→ Task
The lines below, from the first through the one containing "로즈 로코니엔은 남수단", are to be given again exactly, with pictures left out and nothing added.

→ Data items
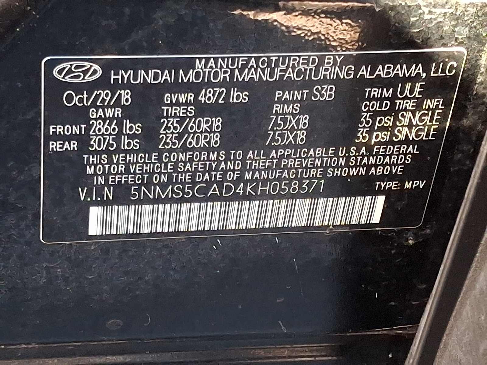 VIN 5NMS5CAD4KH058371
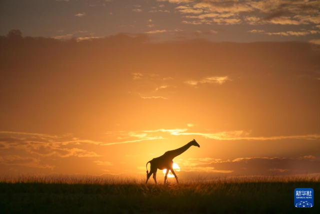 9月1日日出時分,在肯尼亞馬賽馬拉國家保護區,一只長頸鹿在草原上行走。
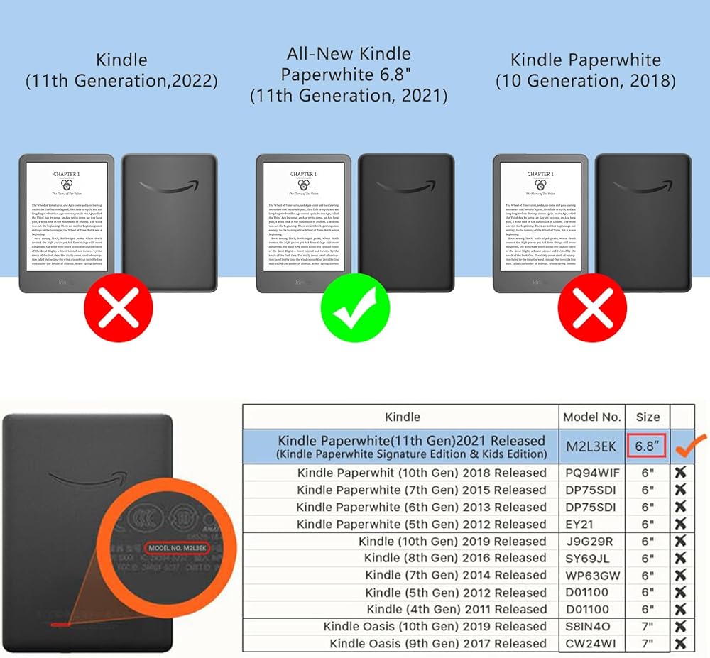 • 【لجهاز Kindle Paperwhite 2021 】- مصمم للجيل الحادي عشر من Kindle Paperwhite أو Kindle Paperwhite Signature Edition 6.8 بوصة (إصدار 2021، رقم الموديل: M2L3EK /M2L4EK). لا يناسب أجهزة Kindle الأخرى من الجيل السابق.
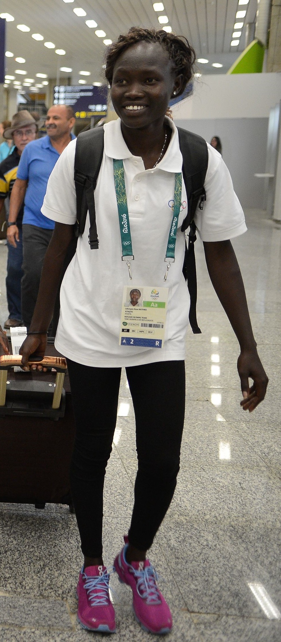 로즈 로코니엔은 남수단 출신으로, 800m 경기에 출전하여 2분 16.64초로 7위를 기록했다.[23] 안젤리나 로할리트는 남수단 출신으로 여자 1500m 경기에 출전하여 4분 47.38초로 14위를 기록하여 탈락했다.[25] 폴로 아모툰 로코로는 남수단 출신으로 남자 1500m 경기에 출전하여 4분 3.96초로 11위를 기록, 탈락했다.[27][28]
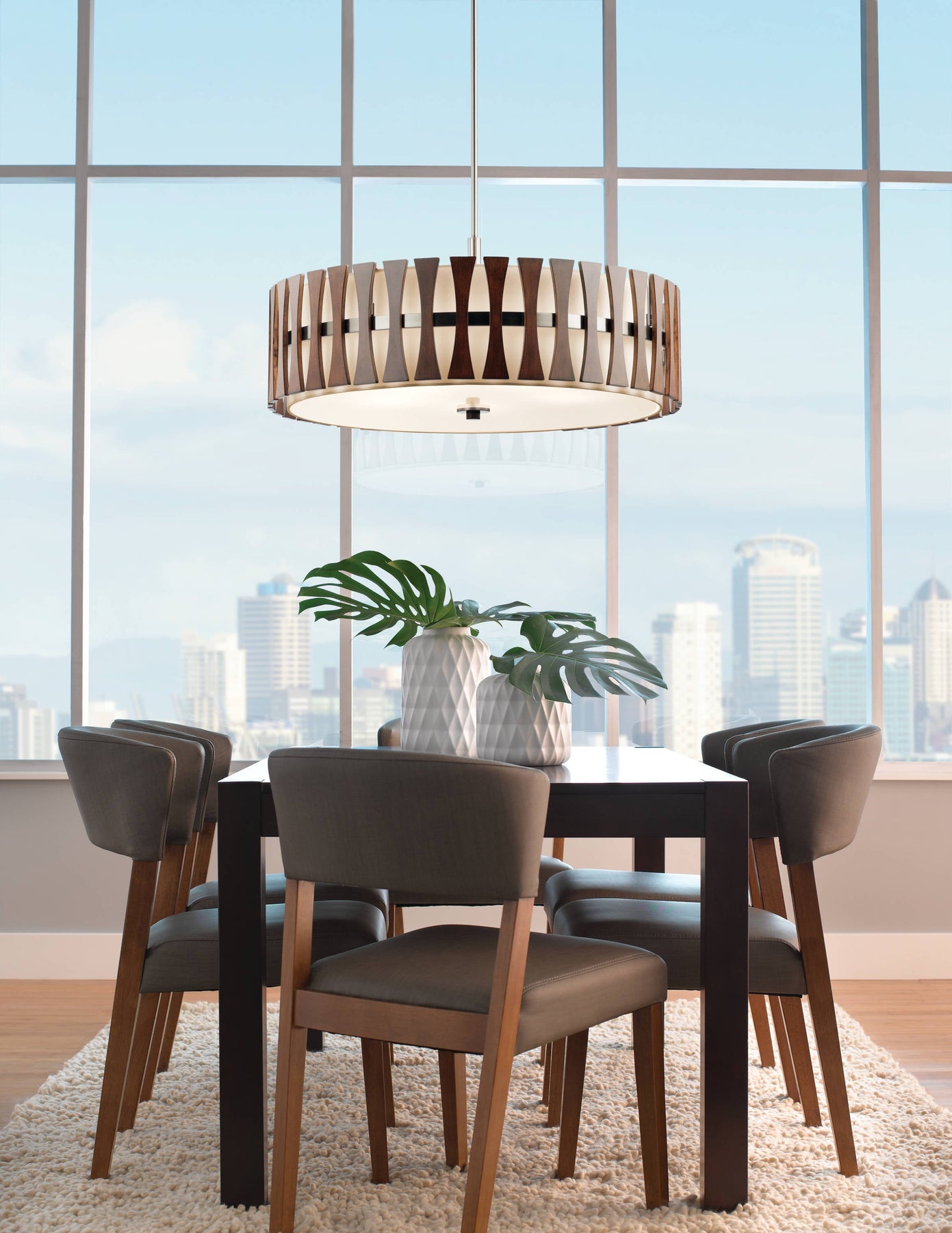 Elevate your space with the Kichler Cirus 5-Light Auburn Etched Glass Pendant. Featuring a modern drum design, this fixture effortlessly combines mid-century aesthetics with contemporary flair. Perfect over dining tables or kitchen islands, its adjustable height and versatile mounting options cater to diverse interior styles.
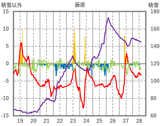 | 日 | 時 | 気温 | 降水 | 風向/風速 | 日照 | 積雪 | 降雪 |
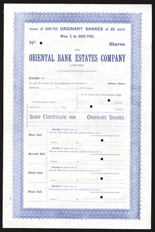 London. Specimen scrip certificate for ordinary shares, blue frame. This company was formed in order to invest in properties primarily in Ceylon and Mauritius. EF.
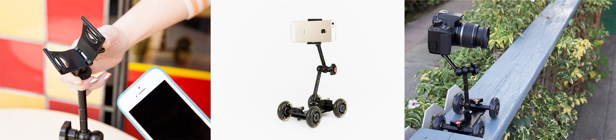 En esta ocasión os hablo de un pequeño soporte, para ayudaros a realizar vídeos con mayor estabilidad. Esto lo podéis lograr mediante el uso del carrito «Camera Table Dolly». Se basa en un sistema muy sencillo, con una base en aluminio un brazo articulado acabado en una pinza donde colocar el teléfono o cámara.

→ Answer for the task
 VIN 5NMS5CAD4KH058371
 9月1日日出時分,在肯尼亞馬賽馬拉國家保護區,一只長頸鹿在草原上行走。
 • 【لجهاز Kindle Paperwhite 2021 】- مصمم للجيل الحادي عشر من Kindle Paperwhite أو Kindle Paperwhite Signature Edition 6.8 بوصة (إصدار 2021، رقم الموديل: M2L3EK /M2L4EK). لا يناسب أجهزة Kindle الأخرى من الجيل السابق.
 로즈 로코니엔은 남수단 출신으로, 800m 경기에 출전하여 2분 16.64초로 7위를 기록했다.[23] 안젤리나 로할리트는 남수단 출신으로 여자 1500m 경기에 출전하여 4분 47.38초로 14위를 기록하여 탈락했다.[25] 폴로 아모툰 로코로는 남수단 출신으로 남자 1500m 경기에 출전하여 4분 3.96초로 11위를 기록, 탈락했다.[27][28]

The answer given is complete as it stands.